DESCRIPTION OF THE TASK: Output, exactly as written, the lines below from the one that has "Автор: Ada KingПопросили" through the one that has "PGA PG-WMGPT21N01TAJ iPhone"; nothing else, and no pictures.

THE DATA:
※ ※ ※

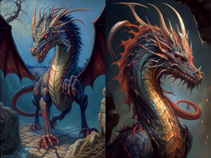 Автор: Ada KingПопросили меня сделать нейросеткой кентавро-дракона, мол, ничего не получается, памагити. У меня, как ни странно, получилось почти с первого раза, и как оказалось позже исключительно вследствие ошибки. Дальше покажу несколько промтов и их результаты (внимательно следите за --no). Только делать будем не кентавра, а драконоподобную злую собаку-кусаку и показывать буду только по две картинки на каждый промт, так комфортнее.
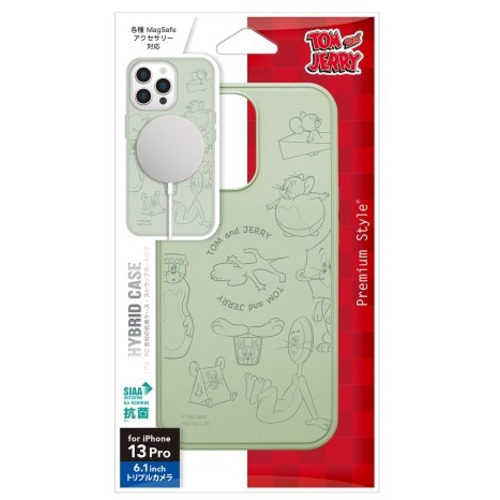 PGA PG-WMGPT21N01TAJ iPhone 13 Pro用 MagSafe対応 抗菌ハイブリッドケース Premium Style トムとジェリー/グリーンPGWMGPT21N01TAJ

※ ※ ※

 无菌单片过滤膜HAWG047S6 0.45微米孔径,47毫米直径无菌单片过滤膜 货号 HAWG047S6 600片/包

※ ※ ※

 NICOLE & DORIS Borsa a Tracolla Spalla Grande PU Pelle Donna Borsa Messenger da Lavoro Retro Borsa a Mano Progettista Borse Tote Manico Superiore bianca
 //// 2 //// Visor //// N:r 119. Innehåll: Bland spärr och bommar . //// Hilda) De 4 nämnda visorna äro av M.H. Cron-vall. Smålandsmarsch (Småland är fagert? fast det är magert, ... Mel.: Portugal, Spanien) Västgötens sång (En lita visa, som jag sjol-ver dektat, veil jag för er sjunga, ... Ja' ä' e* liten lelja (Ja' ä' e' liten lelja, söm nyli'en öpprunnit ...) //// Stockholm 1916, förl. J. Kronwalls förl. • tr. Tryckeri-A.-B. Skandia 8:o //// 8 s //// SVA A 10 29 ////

※ ※ ※

RESPONSE TO THIS EXERCISE:
 Автор: Ada KingПопросили меня сделать нейросеткой кентавро-дракона, мол, ничего не получается, памагити. У меня, как ни странно, получилось почти с первого раза, и как оказалось позже исключительно вследствие ошибки. Дальше покажу несколько промтов и их результаты (внимательно следите за --no). Только делать будем не кентавра, а драконоподобную злую собаку-кусаку и показывать буду только по две картинки на каждый промт, так комфортнее.
 PGA PG-WMGPT21N01TAJ iPhone 13 Pro用 MagSafe対応 抗菌ハイブリッドケース Premium Style トムとジェリー/グリーンPGWMGPT21N01TAJ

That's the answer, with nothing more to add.